С Пушкиным я знаком давно и до сих пор общаюсь с ним постоянно. Он для меня Радость и Надежда, Утешение и Вера, Любовь и Вдохновение. Господи, да разве скажешь об этом лучше, чем Аполлон Григорьев: «Пушкин — это наше все!»
Я люблю открыть его томик на любой странице (ведь это так просто! ), чтобы снова и снова, будто заново, перечитать давно знакомые строчки. Вот и на этот раз я наугад открыл книжку и не мог не улыбнуться, слушая рассказ Александра Сергеевича о своем лицейском товарище бароне Антоне Дельвиге:
«Дельвиг звал однажды Рылеева к девкам. „Я женат“, — отвечал Рылеев. „Так что же, — сказал Дельвиг, — разве ты не можешь отобедать в ресторации потому только, что у тебя дома есть кухня?“
Ну конечно же, это замечательные «Застольные беседы (Table-talk)»! В сноске издатели поясняли, что «пачка отдельных листков, объединенная в обложке под этим названием, заведена А. С. Пушкиным в 1830-е годы. Большую часть пачки составляют записки исторических анекдотов, а также критические заметки».
Я заново перечитал эти «Беседы» и невольно сравнил «исторические анекдоты» Пушкина с «историческими анекдотами» нашего времени. Александр Сергеевич даже в этом жанре нигде не позволил себе опуститься до вульгарных колкостей и несдержанного злоязычия. Он и здесь остался верен своим святым принципам человеколюбия: пробуждать «чувства добрые», призывать «милость к падшим».

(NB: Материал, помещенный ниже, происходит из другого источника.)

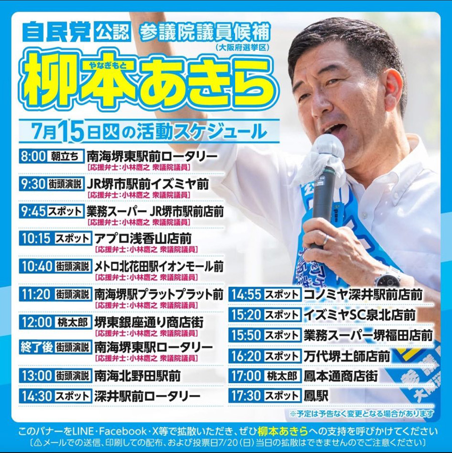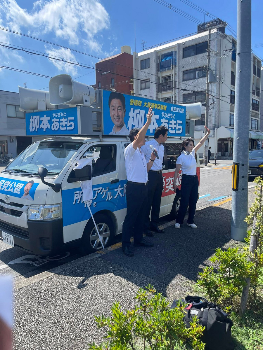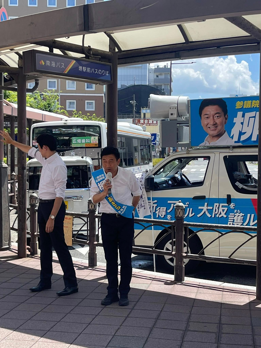 昨日15日は午前8時から午後5時まで、柳本あきら候補と堺を街宣しました!

Отношение же к своим персонажам нынешних сочинителей «исторических анекдотов» напоминает мне старое русское пожелание: «Вот тебе помои, умойся; вот тебе онучики, утрися; вот тебе лопата, помолися; вот тебе кирпич, подавися! „ Не только снисхождения к человеческим слабостям, но даже ни одного доброго слова в адрес исторических личностей в современных анекдотах вы не найдете, хоть перелопатьте всю свою память — убогая галерея уродливых карикатур. Да ведь и то: «Сон разума порождает чудовищ“.
Но это так, к слову — невольная ассоциация, которая сама напросилась. Я ведь — о пушкинских «Беседах», которые попались мне под руку. В них встречаются имена и довольно известных исторических личностей — Екатерины II, Потемкина, Суворова, Багратиона, Крылова и др., и имена уже полузабытых литераторов и государственных деятелей — Надеждина, Погодина, Милонова, Будри, Самойлова...
Не обошел своим вниманием Александр Сергеевич и моего далекого предка. И не только не обошел, но даже посвятил ему не две строки и не двадцать, как остальным, а целых две страницы и снабдил этот «анекдот» заголовком, чего не удостоились другие истории. Не могу не привести его полностью по нескольким причинам.
Во-первых, очень сомневаюсь, что многие читали эти «Застольные беседы», и своим цитированием я заполню у них в какой-то мере этот пробел.
Во-вторых, упомянув короткий «анекдот» о Дельвиге, хочу привести и совершенно другой по своему характеру, чтобы читатель сам смог сравнить их и понять, что же Пушкин имел в виду, когда называл свои заметки «историческими анекдотами».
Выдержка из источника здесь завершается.